■ Exercise material ■
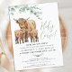 Celebrate the upcoming arrival of your little one with our charming and elegant baby shower invitations! Featuring an adorable highland cow and calf nestled among lush greenery and eucalyptus, these invitations are the perfect blend of boho chic and modern sophistication. The delicate watercolor illustrations of farm animals add a whimsical touch, while the elegant typography and minimalist design ensure your special event starts off on a stylish note.
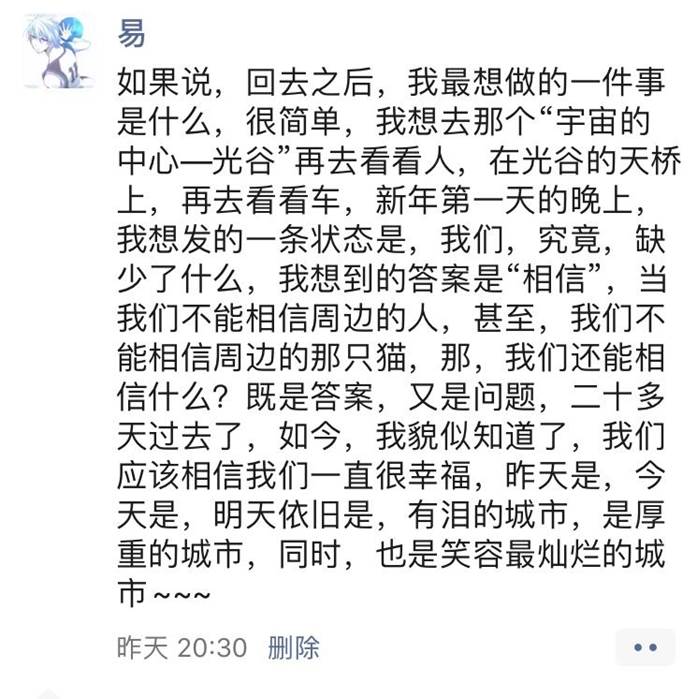 硕士1809党支部谈佳威:我想这个阶段大家每天都心有不安。疫情感染现在国内基本遏制住病毒疯狂扩张的势头,而在日本、韩国等周边国家蔓延,但夜晚总会过去,黎明终将到来,情势一定会好起来的。让我们互相扶持,共渡难关。我希望每个人都能带着微笑见面!
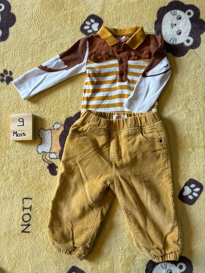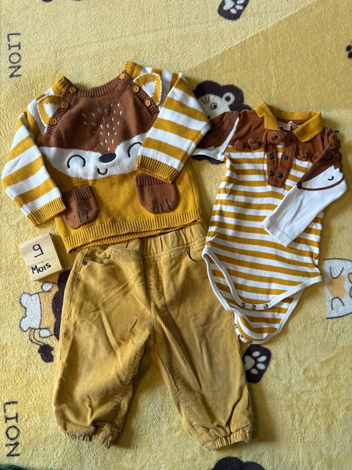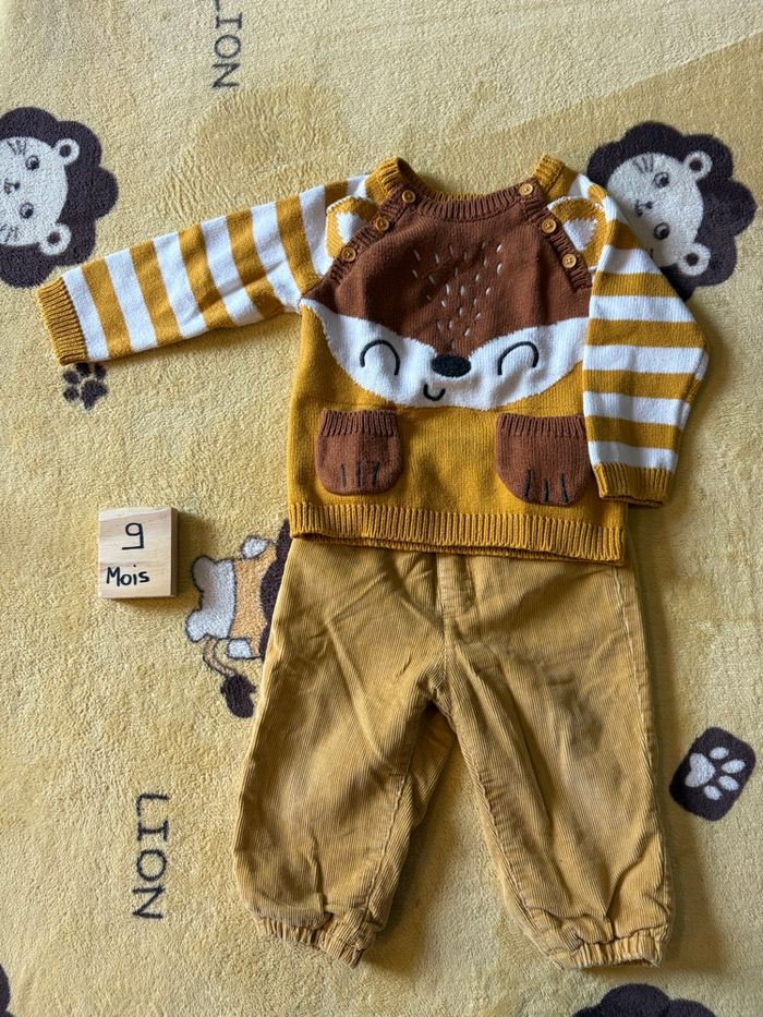 🥳reduc avec les lots activée , seul le prix est ferme 📦 Dépôt de colis presque tous les jours, de préférence mondial relais Du pareil au même DPAM 9 mois Motif renard Pantalon velours côtelé Bodie légèrement taché à l’entrejambe, presque invisible
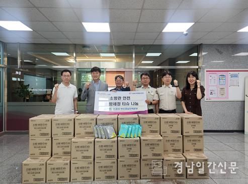 경남일간신문 | 김해시자원봉사센터는 한국가스공사 부산경남지역본부에서 김해동부소방서에 소방세정티슈 60박스를 전달했다고 30일 밝혔다.
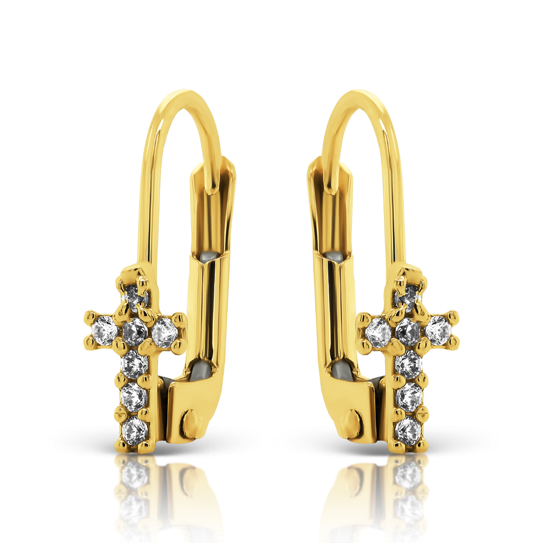 Cercei din aur de 14K, cu elemente tip cruce și pietre Cubic Zirconia albe
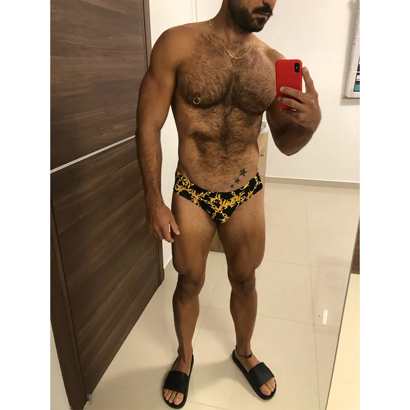 Купальный костюм мужской с принтом, пикантные трусы пуш-ап с низкой...
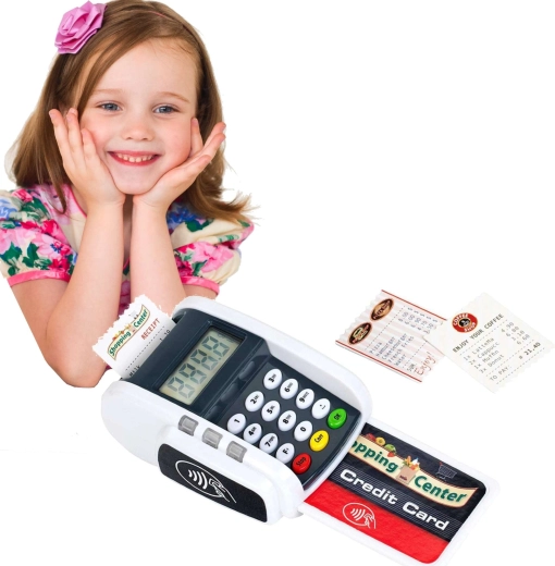 See kompaktne terminal jäljendab tõetruult päris seadet: lapsed saavad vajutada numbriklaviatuuri, lähendada maksekaarti ja „printida” tšekke, et mängukassa oleks võimalikult realistlik. Valgus- ja heliefektid annavad igale tehingule päriselu tundemärgi ning toetavad sotsiaalsete oskuste arengut.
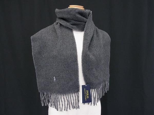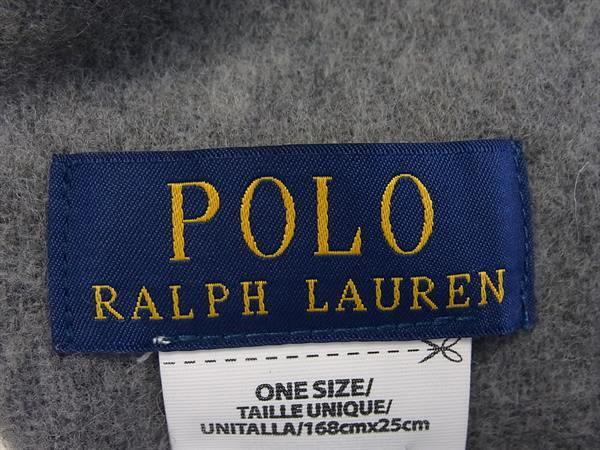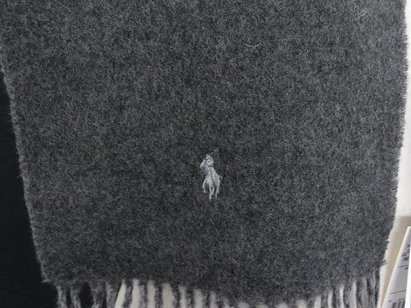 ■極美品■ POLO RALPH LAUREN ポロラルフローレン ウール80%×ナイロン20% フリンジ マフラー 防寒具 グレー系 FM3110
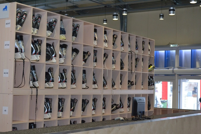Вот так хранятся коньки. Сушилок как таковых не предусмотрено.
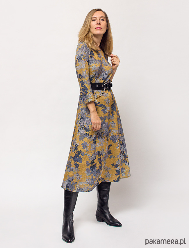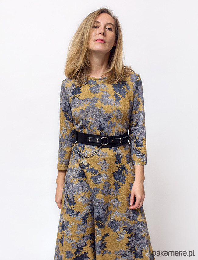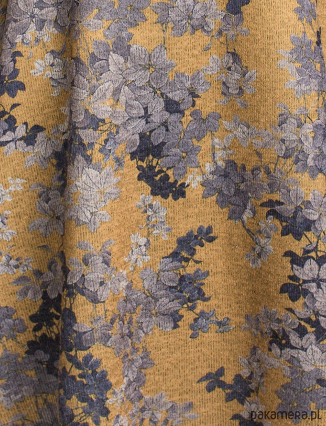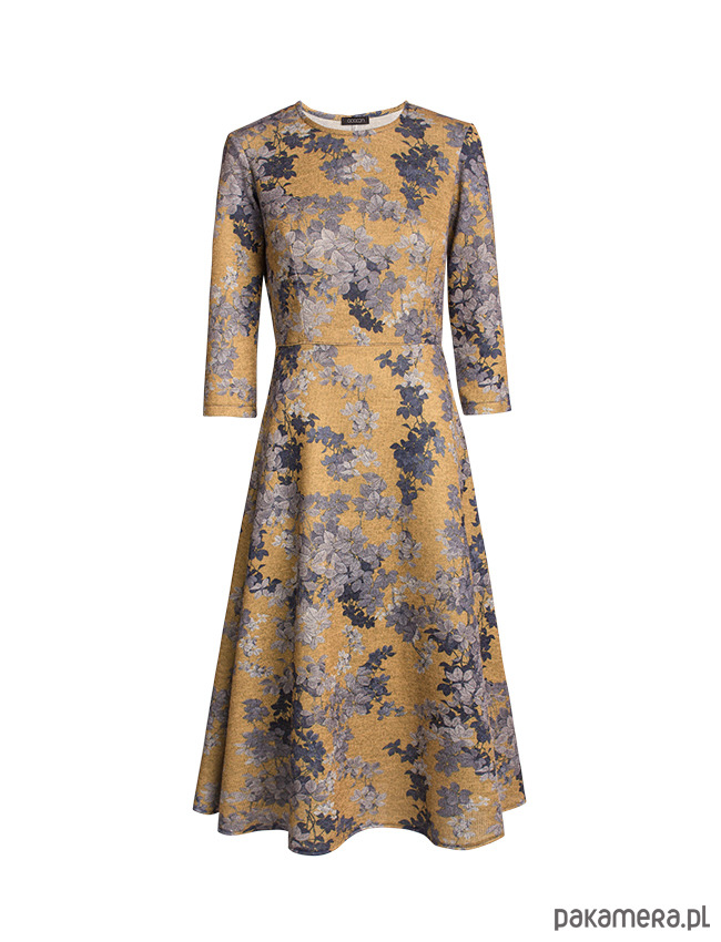 Klasyczna sukienka o rozkloszowanym, bardzo kobiecym kroju z rękawem 7/8. Wygodna nie krępująca ruchów, uszyta z elastycznego materiału. Dzianina o złocistym kolorze z motywem błękitno-szarych liści. Idealne połączenie wygody i klasycznej elegancji na co dzień do pracy lub np. na wesele :)
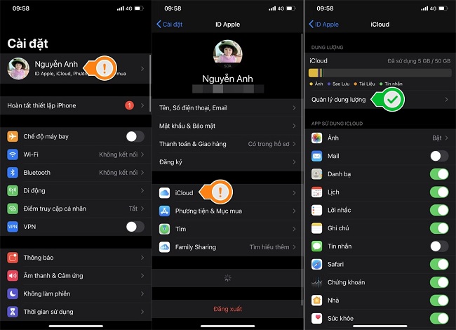 - Bước 1: Truy cập Cài đặt > ID Apple (ở đầu danh sách) > chọn mục iCloud > vào Quản lý dung lượng

■ Try it ■
Leave the pictures out. Transcribe exactly the lines from the one with "Вот так хранятся" through the end of the records.

■ Result below ■
Вот так хранятся коньки. Сушилок как таковых не предусмотрено.
 Klasyczna sukienka o rozkloszowanym, bardzo kobiecym kroju z rękawem 7/8. Wygodna nie krępująca ruchów, uszyta z elastycznego materiału. Dzianina o złocistym kolorze z motywem błękitno-szarych liści. Idealne połączenie wygody i klasycznej elegancji na co dzień do pracy lub np. na wesele :)
 - Bước 1: Truy cập Cài đặt > ID Apple (ở đầu danh sách) > chọn mục iCloud > vào Quản lý dung lượng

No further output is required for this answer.